Instructions to follow
Each line of the data below goes into the copy exactly; pictures do not.

Available data

-- -- --

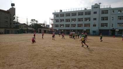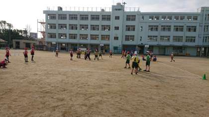 腰の両脇にタグをつけて、ルールを確認しながら、ゲームをしています。タグを取られないように、相手の陣地にボールを持って走り抜けたり、パスをしたりしています。みんな自分の持っている力を発揮しつつ、チームの仲間と協力しながらプレーをしていました。
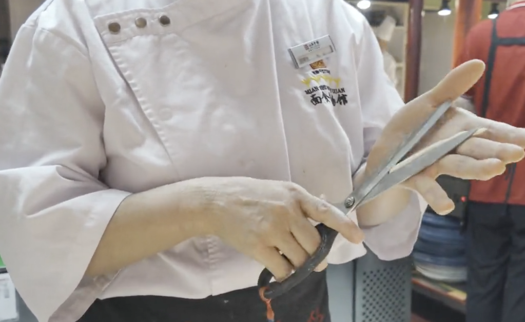 圖為夾心面。新華社記者 王怡靜 攝??關(guān)于剪刀面的故事很動人——“‘剪子面,兩頭尖,吃到肚里胃不酸’。相傳剪刀面是以前喬家大院的喬貴發(fā)走西口的時候,留在家里的妻子為丈夫裁剪衣服,由于過于思念丈夫,一走神就把剪刀也帶到了廚房里,于是便有了剪子面?!覆凰帷?,其實也是‘心不酸’?!崩铉f。剪刀面一般用來做湯面,配蔬菜吃,也有著希望家人安康的寄托。
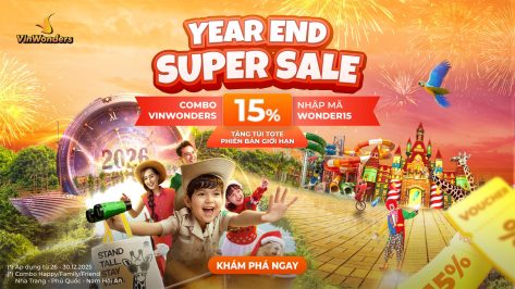 [Flash Sale] Cơn lốc WONDER15: Giảm sốc 15% vé Combo VinWonders Hạn áp dụng: 25/12 - 29/12/2025 -

-- -- --

Task result
 腰の両脇にタグをつけて、ルールを確認しながら、ゲームをしています。タグを取られないように、相手の陣地にボールを持って走り抜けたり、パスをしたりしています。みんな自分の持っている力を発揮しつつ、チームの仲間と協力しながらプレーをしていました。
 圖為夾心面。新華社記者 王怡靜 攝??關(guān)于剪刀面的故事很動人——“‘剪子面,兩頭尖,吃到肚里胃不酸’。相傳剪刀面是以前喬家大院的喬貴發(fā)走西口的時候,留在家里的妻子為丈夫裁剪衣服,由于過于思念丈夫,一走神就把剪刀也帶到了廚房里,于是便有了剪子面?!覆凰帷?,其實也是‘心不酸’?!崩铉f。剪刀面一般用來做湯面,配蔬菜吃,也有著希望家人安康的寄托。
 [Flash Sale] Cơn lốc WONDER15: Giảm sốc 15% vé Combo VinWonders Hạn áp dụng: 25/12 - 29/12/2025 -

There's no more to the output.